**INPUT DATA**
######
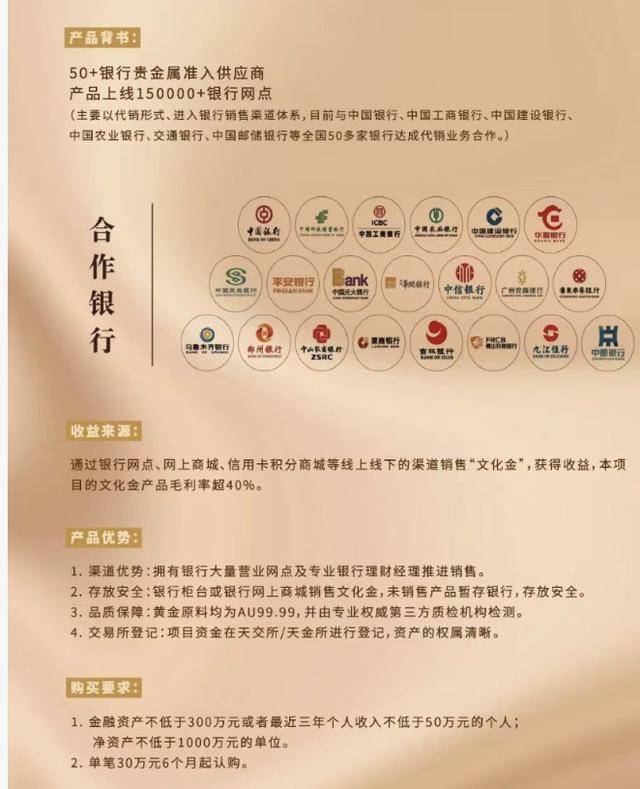 所谓文化金渠道是什么?为什么能提供高额收益?根据投资者提供的一则文化金“鑫享世承”产品宣传单,该产品自称目前是50家银行贵金属准入供货商,产品上线15万个银行网点。通过上述银行网点、网上商城、信用卡积分商城等渠道销售“文化金”,可以获得超40%的毛利率。
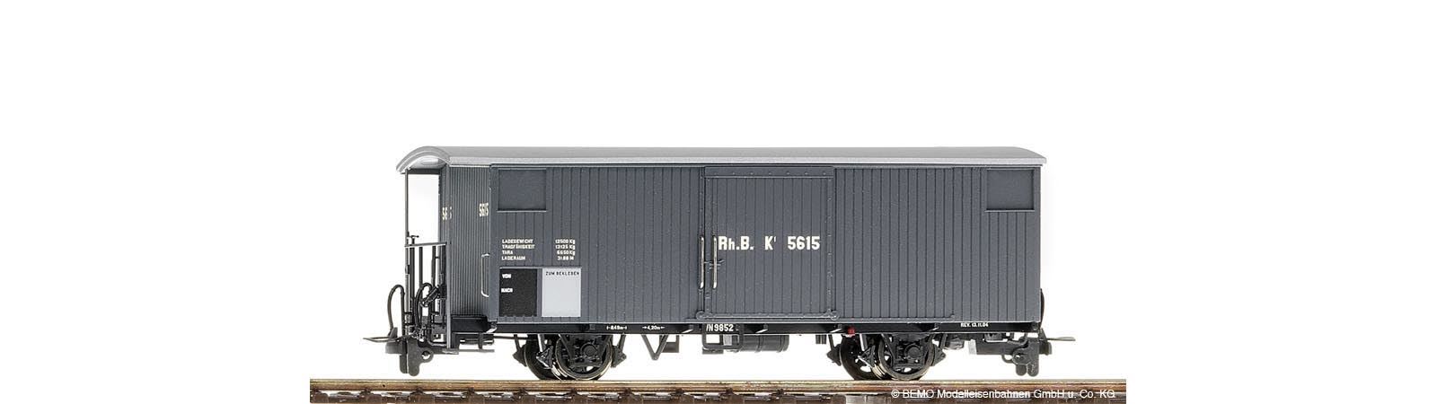 Mit dem weiteren Ausbau des Streckennetzes stieg auch der Bedarf an neuen Fahrzeugen für den Gütertransport. Zwischen 1911 und 1913 beschaffte die RhB unter anderem 115 gedeckte Güterwagen der Gattung K1 mit Holzbeplankung. Nach Schäden beim Beladen erhielten einige Wagen neue Türen mit horizontal angeordneten Brettern - damit mußte man im Fall einer Beschädigungen nur einzelne Bretter austauschen. 1949/50 rüstete man zahlreiche Fahrzeuge auf Stahlaufbauten um, ab Mitte der 70er Jahre erfolgte eine zweite Modernisierungsphase, nach der nur noch wenige Fahrzeuge mit Holzkastenaufbau im Dienst verblieben. 2004 nahm der Club 1889 den Gbk-v 5615 als RhB-Nostalgiegüterwagen wieder in Betrieb.
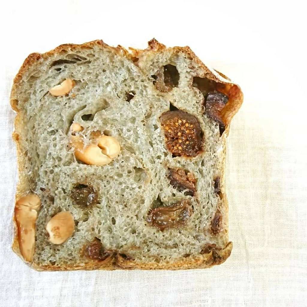 パン屋福笑オープン当初に開発したパン、有機赤ワインに漬けた有機イチジク、有機レーズン、有機カシューナッツを練り込みました。(アルコールは飛んでます)店主の思い入れのあるパンです。
######
**EXERCISE DESCRIPTION**
Each line from the one containing "Mit dem weiteren" to the final line of the data must be printed exactly, both included, with nothing else and no pictures.

**SOLUTION TO THIS PROBLEM**
 Mit dem weiteren Ausbau des Streckennetzes stieg auch der Bedarf an neuen Fahrzeugen für den Gütertransport. Zwischen 1911 und 1913 beschaffte die RhB unter anderem 115 gedeckte Güterwagen der Gattung K1 mit Holzbeplankung. Nach Schäden beim Beladen erhielten einige Wagen neue Türen mit horizontal angeordneten Brettern - damit mußte man im Fall einer Beschädigungen nur einzelne Bretter austauschen. 1949/50 rüstete man zahlreiche Fahrzeuge auf Stahlaufbauten um, ab Mitte der 70er Jahre erfolgte eine zweite Modernisierungsphase, nach der nur noch wenige Fahrzeuge mit Holzkastenaufbau im Dienst verblieben. 2004 nahm der Club 1889 den Gbk-v 5615 als RhB-Nostalgiegüterwagen wieder in Betrieb.
 パン屋福笑オープン当初に開発したパン、有機赤ワインに漬けた有機イチジク、有機レーズン、有機カシューナッツを練り込みました。(アルコールは飛んでます)店主の思い入れのあるパンです。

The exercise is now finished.